Additionally, we can investigate the model activity that was computed for various layers. Here, we visualize the activity of the S2 layer when the prototype in Figure 1 is applied to the image in Figure 3. We first need to know where the first prototype was imprinted, which is given by:

>>> image, scale, y, x = GetImprintLocation(0)

This returns the image and S2 location (including the scale band) for the imprinted prototype. Here, the image is specified by its index in the list of image paths, with other data organized in the same way. To plot the S2 activation for the first prototype on the image and scale from which it was imprinted, use:

>>> AnnotateS2Activity(image, scale, 0)
_images/s2-proto-response.png

Figure 4: S2 response for the prototype visualized in Figure 1. For reference, the S2 activity is plotted on top of the image data.

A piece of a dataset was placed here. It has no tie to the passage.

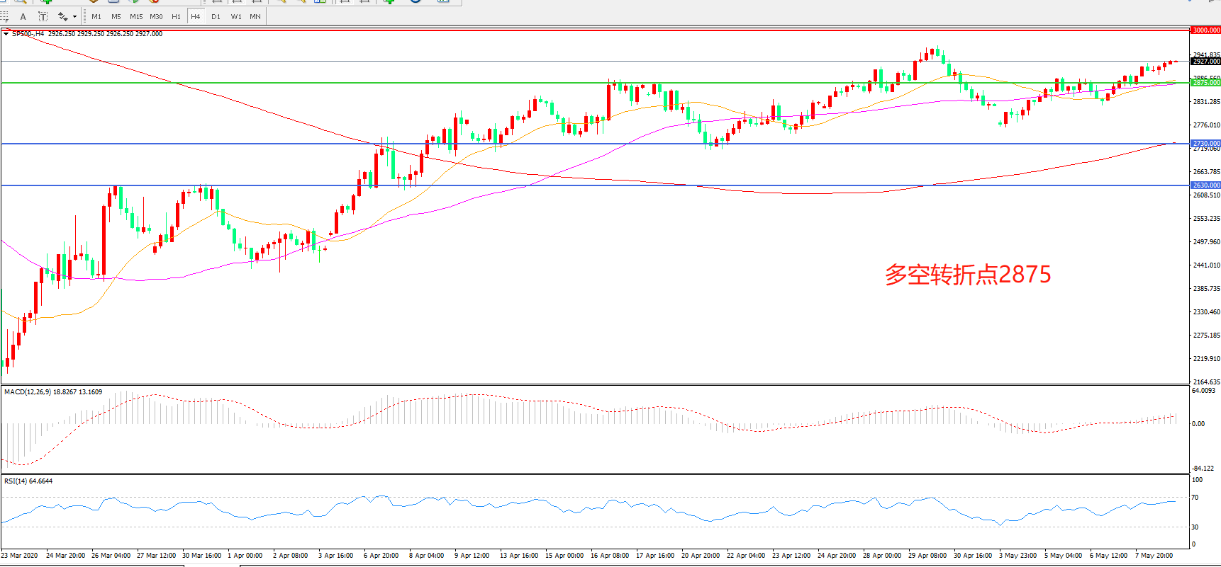 4小时图看,标普500震荡反弹,短期走势回暖,2875一线被突破,均线系统走平,成为下方支撑,MACD红柱加,RSI指标走平,日内延续震荡概率较大。

This is shown for our expample in Figure 4, where active regions are shown in red and inactive regions are shown in blue. If the scale is larger than 2 or 3, the image data may be hard to recognize (as it has been down-sampled multiple times). In this case, try recreating the plot for smaller values of the scale argument.

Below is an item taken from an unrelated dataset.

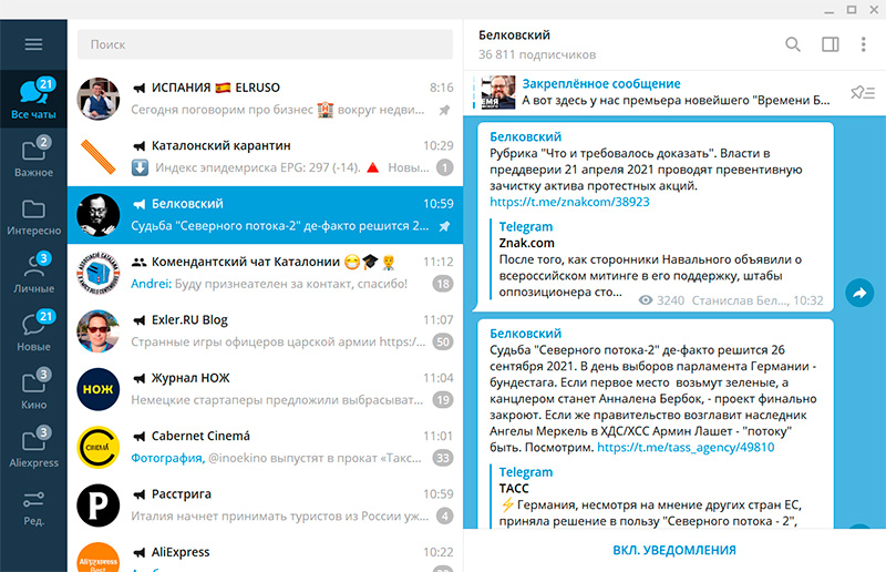 Один из самых продвинутых и удобных мессенджеров, в котором кроме обычных, видео- и голосовых чатов большое распространение получили новостные телеграм-каналы.
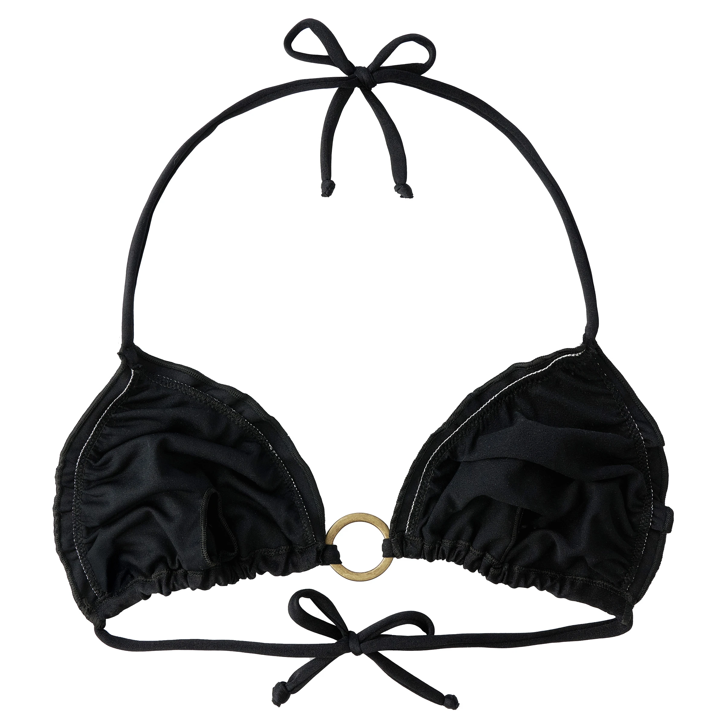 TRIANGULO TRAJE DE BAÑO CON TERMINACIÓN EN RULOTÉ Y DETALLE DE ARGOLLA EN TONO BRONCE

A similar visualization as above is available for S1 and C1 activity as:

>>> AnnotateS1Activity(image, scale)

>>> AnnotateC1Activity(image, scale)

which should produce results similar to Figure 5 and Figure 6.

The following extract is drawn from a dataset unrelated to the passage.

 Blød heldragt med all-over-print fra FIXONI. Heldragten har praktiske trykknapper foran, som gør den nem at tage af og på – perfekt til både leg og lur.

_images/s1-response-large-scale.png

Figure 5: S1 response maps (enhanced for illustration).

_images/c1-response.png

Figure 6: C1 response maps.

Classifier Analysis

In the final stage of an experiment, a classifier is evaluated on the feature vectors extracted by the model. The information about this stage is available via two functions: GetEvaluationLayers() and GetEvaluationResults(). First, we can verify that the classifier used an image representation based on C2 activity:

>>> GetEvaluationLayers()
['C2']

Information about the classifier’s performance can be given as:

>>> results = GetEvaluationResults()

>>> results.score_func
'accuracy'

>>> results.score
0.5

>>> results.training_score
1.0

The first result indicates that the classifier is evaluated based on accuracy, and the second result gives that accuracy on the set of test images. The last result gives the accuracy on the set of training images. The induced classifier can be retrieved as well:

>>> results.classifier
Pipeline(steps=[
   ('scaler', StandardScaler([...OUTPUT REMOVED...])
   ('learner', LinearSVC([...OUTPUT REMOVED...])
])

The per-image predictions made by the classifier are accessible by using:

>>> GetPredictions()
[('cats_and_dog/cat/cat3.png', 'cat', 'dog'),
 ('cats_and_dog/cat/cat4.png', 'cat', 'dog'),
 ('cats_and_dog/dog/dog1.png', 'dog', 'dog'),
 ('cats_and_dog/dog/dog2.png', 'dog', 'dog')]

>>> GetPredictions(training=True)
[('cats_and_dog/cat/cat3.png', 'cat', 'cat'),
 ('cats_and_dog/cat/cat4.png', 'cat', 'cat'),
 ('cats_and_dog/dog/dog1.png', 'dog', 'dog'),
 ('cats_and_dog/dog/dog2.png', 'dog', 'dog')]

The first call returned information about images in the test set, while the second call used the training images. Each entry of the results gives the image’s filename, its true label, and the label predicted by the classifier, respectively. In our example, the classifier predicted “dog” for all test images—thus achieving 50% accuracy—while correctly classifying all training images.

Finally, it may be useful during analysis to compute feature vectors for images outside the experiment’s corpus, which can be done using:

>>> features = GetImageFeatures('bird/bird1.png')
>>> features.shape
(1, 10)

This shows that our existing model with 10 S2 prototypes was used to extract 10 features from a single image. To extract features from several images at once, use:

>>> features = GetImageFeatures(['bird/bird1.png', 'bird/bird2.png'])
>>> features.shape
(2, 10)
[1]Indexing in Python is zero-based, so the first prototype is at index zero.
[2]We use the terms “prototype” and “kernel” somewhat interchangably.